澄んだ瞳、優しげな声。いつも明るく仕事熱心なセーラ。そのセーラが心の奥底にあんな闇を抱えていようとは。


「い、いえ……なんでもないわ。」


なんだか居た堪れなくなった私は、逃げるようにその場を立ち去った。私が見たセーラの心の内側のことは、彼女の名誉のためここでは触れない。しかし私は、「みだりに人の心の内側を覗いてはならない」ということを学んだ。この眼鏡はある意味で闇の力を秘めたアイテムだ。みだりに使わない方がいい。とはいえ、いつか何かの役に立つかもしれない、と思うところもあったので、一応肌身離さず持っていることにした。



 さて、そんなこんなで、あまり使わない方がいいけど、いつか使う時が来るかもしれないと思って持ち歩いていた私のメガネの出番がついにやってきた。
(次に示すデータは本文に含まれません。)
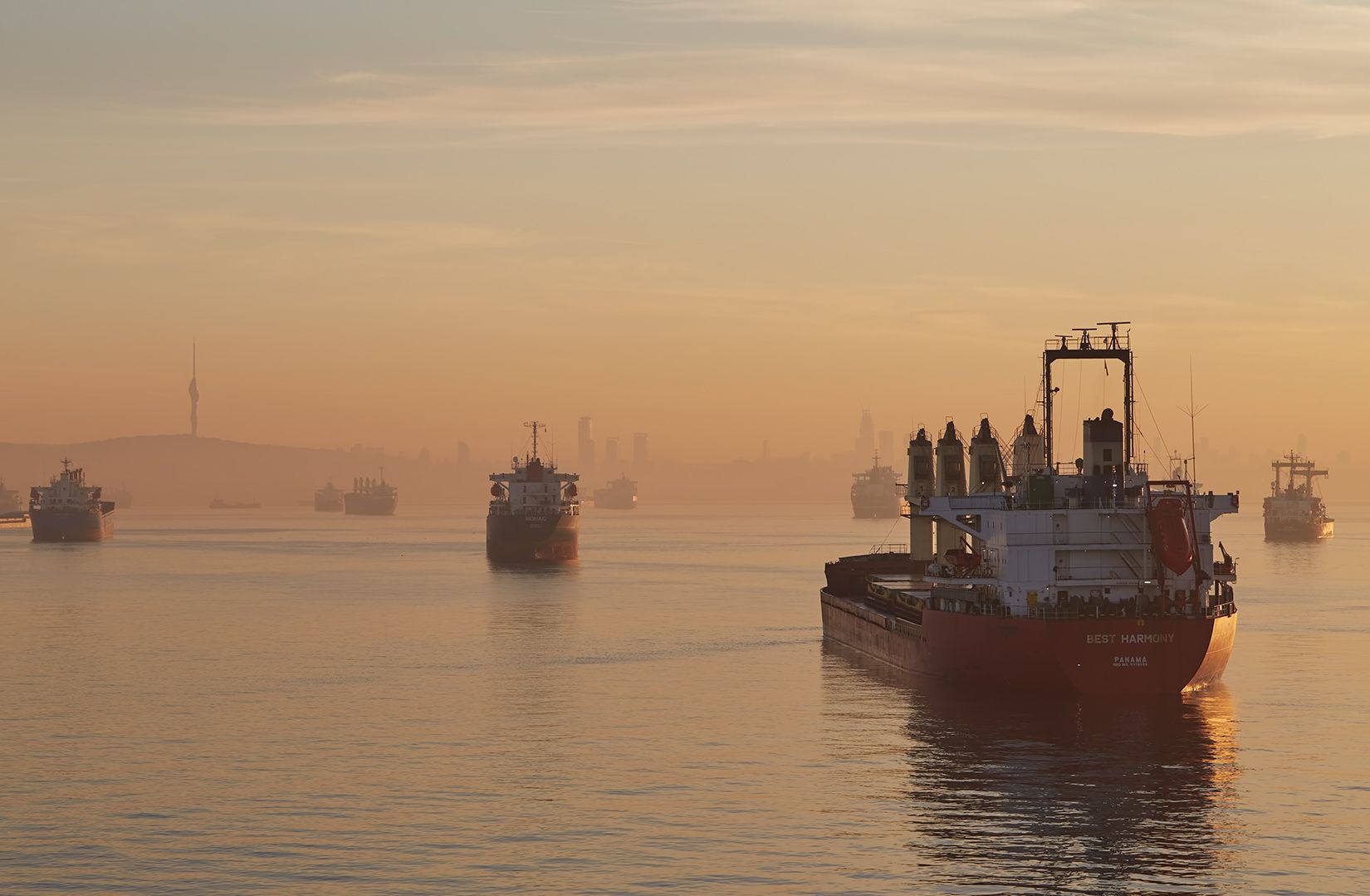 турция, утро, рейд, туман, судно, берег, стамбул, Евгений Паршуков

 そう、それは前回からの続き、晩餐会後のバルコニーでの出来事だ。バルコニーに佇むジーク王子を見て、私は「キュピーン☆」と直感した。ジークは間違いなく恋をしている。あの落ち着きのない仕草や、心ここに在らずといった素振りは、設定上は冷静で理知的なはずのジーク王子からかけ離れている。そして、ジークの見つめる先にいるのはカストル兄様。となると、ジーク王子の想い人はカストル兄様……との推測が成り立つ。しかしちょっと待ってほしい。2人は男同士である。男が男を好きになる。そんなことがあるの?それって、ネット民がよってたかって誰かを嘲笑するための、イジメ的な程度の低いネタじゃないの?

 そこで私は思い出した。あのアイテムの存在を。


(——時は今!)


雨がしたしる五月かな、私は普段から持ち歩いている眼鏡ケースに手を伸ばした。この眼鏡で、ジーク王子の心の内側を読めば、彼が一体誰に恋しているのか、その本当の気持ちがわかるはず。ついに封印していた我が禁断のアイテムの力を解き放つ時が来た!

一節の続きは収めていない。